BDO Italia, a member of the BDO Global accounting organization, will begin producing monthly attestations of Tether’s USDT backing.
In a step toward greater transparency and better alignment with international accounting standards, stablecoin operator Tether Holdings Limited has tapped BDO Italia to conduct regular reviews and attestations of its dollar reserves.
Tether, which operates the USDT stablecoin, officially began working with BDO Italia in July, the company disclosed on Thursday. BDO Italia will be responsible for conducting an independent review of Tether’s stablecoin reserves to ensure that each unit of USDT is backed by cash or cash equivalents. Through BDO’s reviews, Tether aims to release public attestation reports monthly instead of quarterly. The attestations will include updates about the number of USDT tokens issued, as well as the company's reserves.
BDO Italia is the Italian arm of BDO Global, an international network of public accounting firms that maintains its headquarters in Zaventem, Belgium. BDO Global ranks among Europe’s five largest accounting firms by total revenue. The company maintains offices across North and South America, Europe, the Middle East and North Africa, and the Asia-Pacific region.
Tether is looking to eventually get rid of commercial paper backing for its U.S. dollar-based stablecoin “without any incurrences of losses.”
— Cointelegraph (@Cointelegraph) June 15, 2022
The firm expects to decrease its volume from $11B to $8.4B by the end of June. https://t.co/IzzjTKnpPq
Paolo Ardoino, Tether’s chief technology officer, said his company’s pledge to offer more transparency reflects its growing mandate beyond just offering liquidity to crypto traders:
“The utility of Tether has grown beyond being just a tool for quickly moving in and out of trading positions, and therefore it is mission-critical for us to scale alongside the peer-to-peer and payments markets.”
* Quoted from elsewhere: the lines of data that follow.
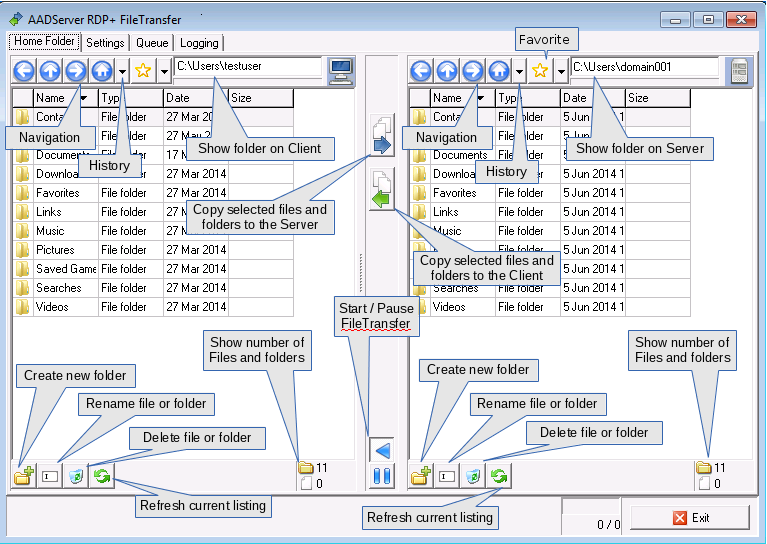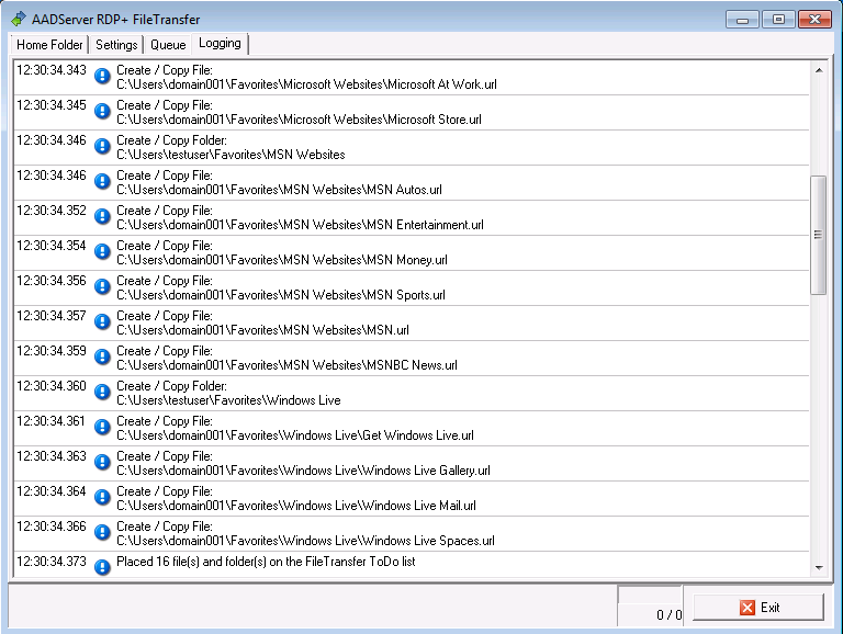 In the example above, the user is logged in on the Client PC with the userID "testuser". The user has a Remote Desktop Session, and is logged in on the Server with the userID "domain001".
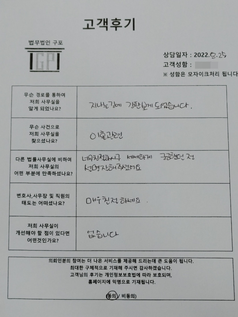 클릭해서 더보기 => < 민사 (이혼 방문상담) > 의뢰인분의 실제 고객후기 페이지 정보 최고관리자 작성일22-08-26 목록 본문 <민사 (이혼 방문상담) > 의뢰인분의 실제 고객후기 (화면 확대조절 가능합니다.) 목록
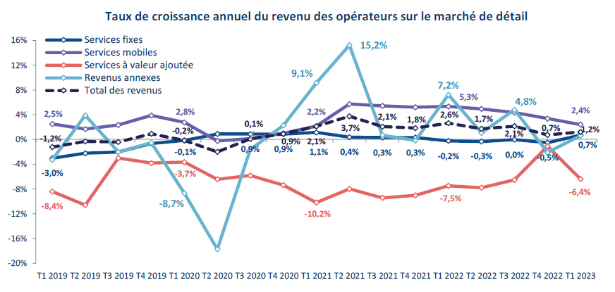 Le revenu des opérateurs sur le marché de détail enregistre, en ce début d’année 2023, une croissance annuelle en léger recul par rapport à l’année 2022.
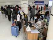 (图为经管系部分学生志愿者在疫情防控期间于所居住地火车站、高铁站、高速路口以及火车上为出行人员进行信息登记和测量体温)
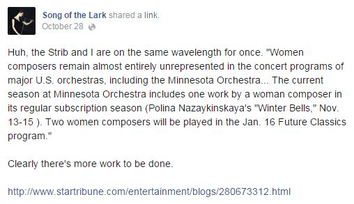 “Yep, Emily, we get the message, the lack of women composers is hugely unfortunate and a downside of an otherwise brilliant 14-15 season. Agreed.”
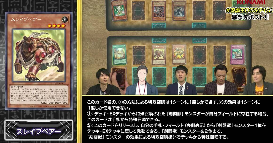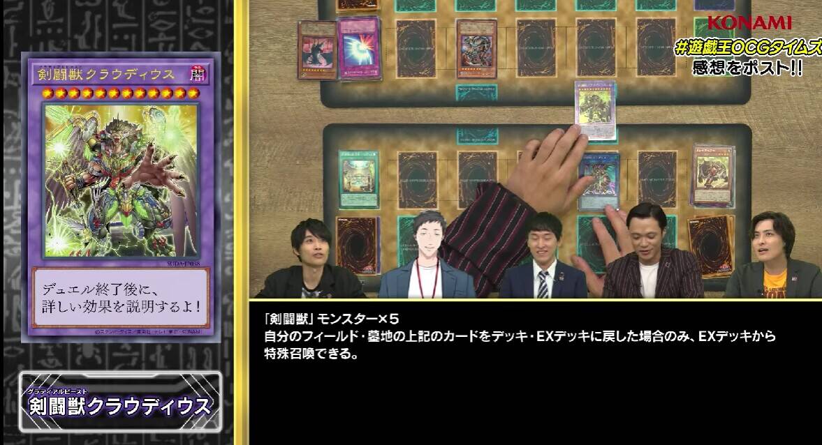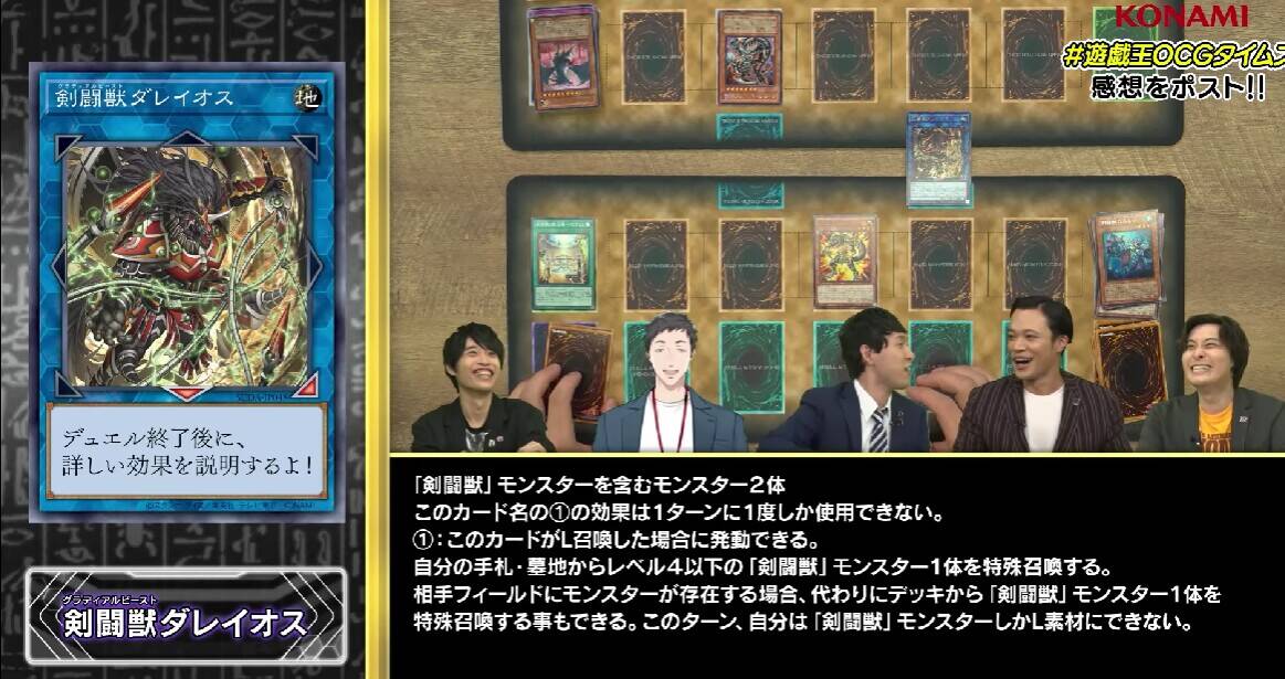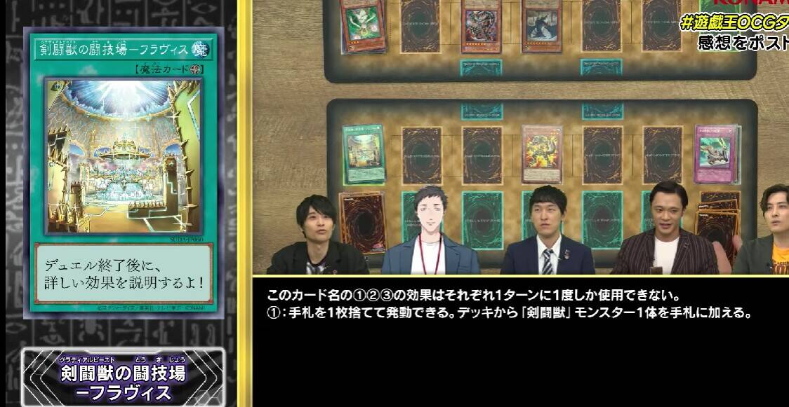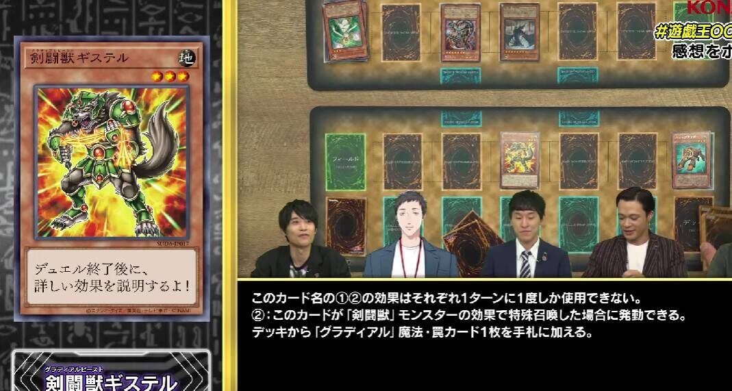①:将手牌的这张卡和手牌的1只「剑斗兽」怪兽给对手观看才能发动。那2只特殊召唤。
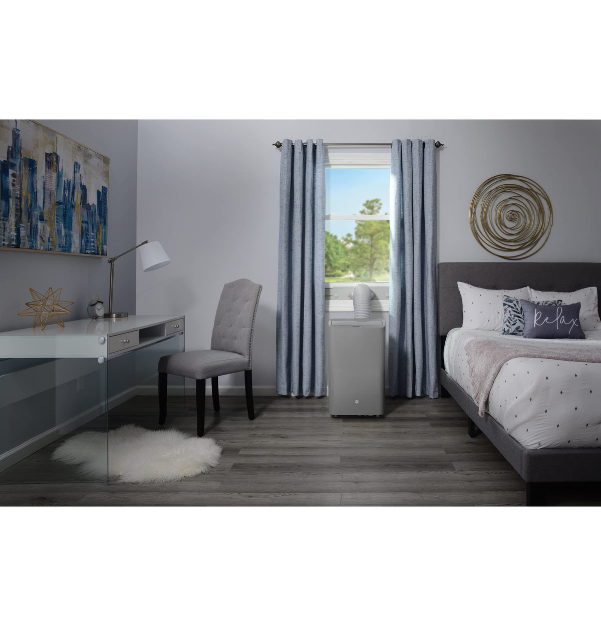 Ge 7,500 Btu Smart Portable Air Conditioner With Dehumidifier And Remote, Grey
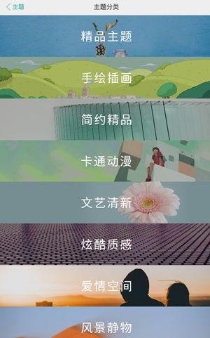 2、在主题这里,有精品主题、手绘插画、简约精品、卡通漫画、文艺清新等多种主题;
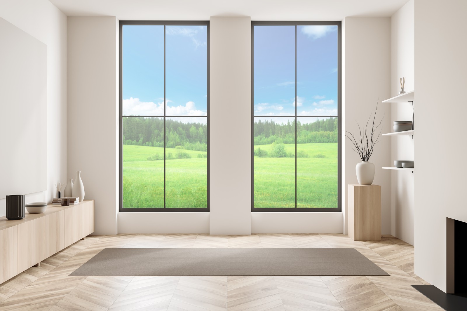 Bringen Sie die Ruhe einer Frühlingswiese in Ihr Zuhause mit diesem lebendigen Landschaftsbild aus saftigen Feldern, dichtem Wald und klarem Himmel.
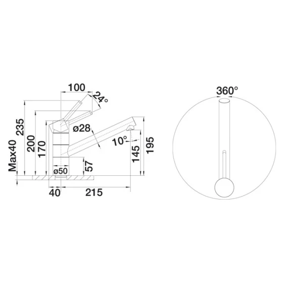 • Вращающийся на 360⁰ излив увеличивает функциональность
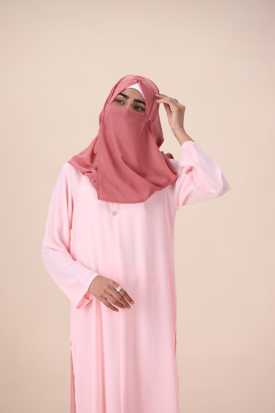 A whisper of rose and a gentle flow, this ensemble redefines modest style with soft sophistication.
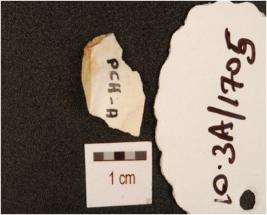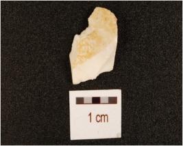 | Description / विवरण | A chert utilized flake with flake scars on dorsal, use wear marks on edge. |
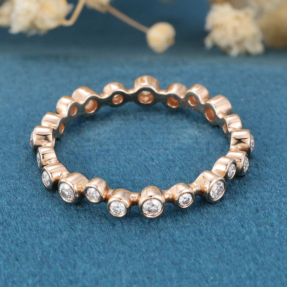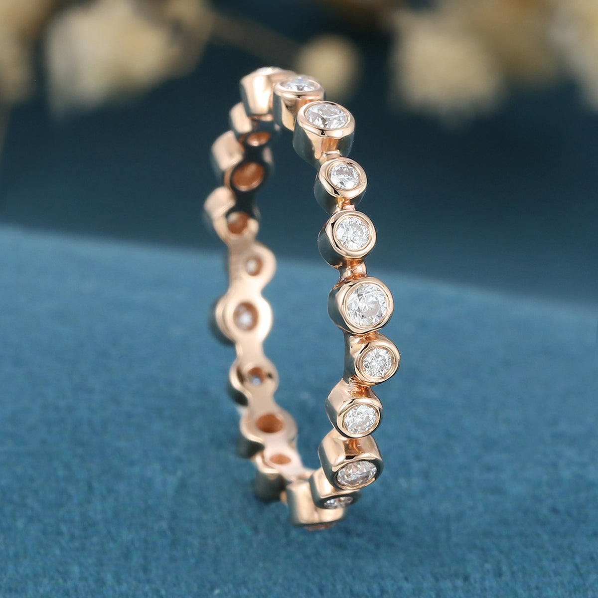 Bezel setting Round cut Moissanite | Diamond Full Eternity Gold Wedding Band
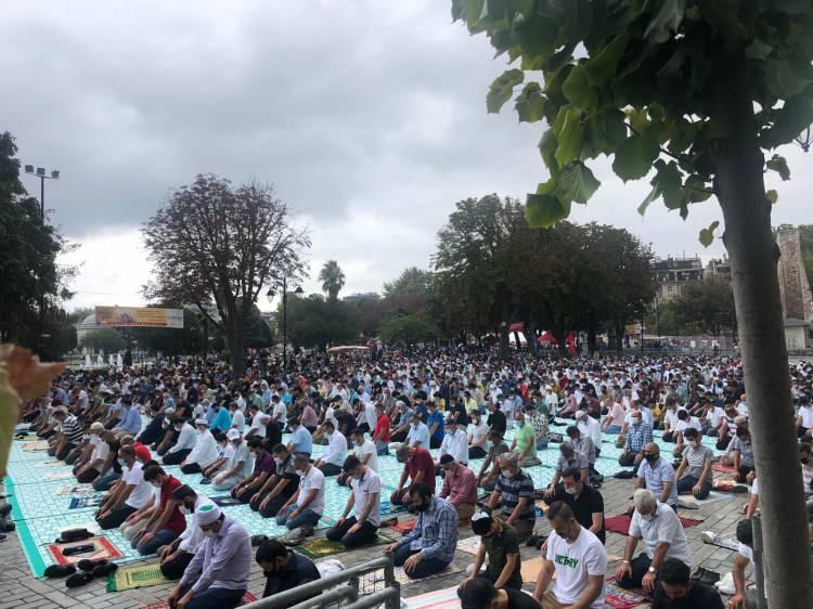 Cami içinin dolmasının ardından cemaat, Ayasofya Meydanı'nda sosyal mesafeyi gözeterek saf tuttu.
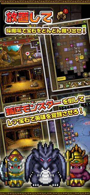 放置x冒険!新感覚のドット絵冒険RPG! 【ストーリー】 ピクセル大陸には人族、魔族、精霊族、人魚族、神族とドラゴン族の6種族が生存している。6種族はお互いに侵すこともなく、平和に共存していた。 ある日、平和が破られた。この世界のバランスと正常な作動を維持しているエネルギー「エーテル」が不明な原因により漏れ、エーテル危機が爆発した。 静けさのなか各族の勢力がうごめき、戦争の火花は燃え上がっていく…… ■操作は放置プレイ: 難しい操作は不要、誰でも気軽に楽しくプレイできる! 放置のままで経験値、金貨、宝石などの素材がどんどん手に入る! あまり時間がかからず、自分のペースで楽しめる! ■個性…

Tether began publishing quarterly attestations of its stablecoin reserves in May 2021 as part of a settlement with the New York Attorney General’s Office in February of the same year. Tether had previously passed several assurance tests conducted by local accounting agency Moore Cayman that its reserves exceeded liabilities.
Tether’s initial attestations showed that a sizable portion of its reserves was backed by commercial paper. The company later announced plans to reduce its commercial paper exposure to zero. It was estimated that, by the end of July, Tether’s commercial paper holdings would be worth roughly $3.5 billion, down from $20.1 billion in March.
Related: Tether also confirms its throwing weight behind the post-Merge Ethereum
USDT remains the single largest stablecoin by market capitalization at $67.6 billion, according to CoinMarketCap. After a three-month downtrend, the supply of USDT began to tick up gradually in August, providing cautious optimism that the cryptocurrency market was turning a corner.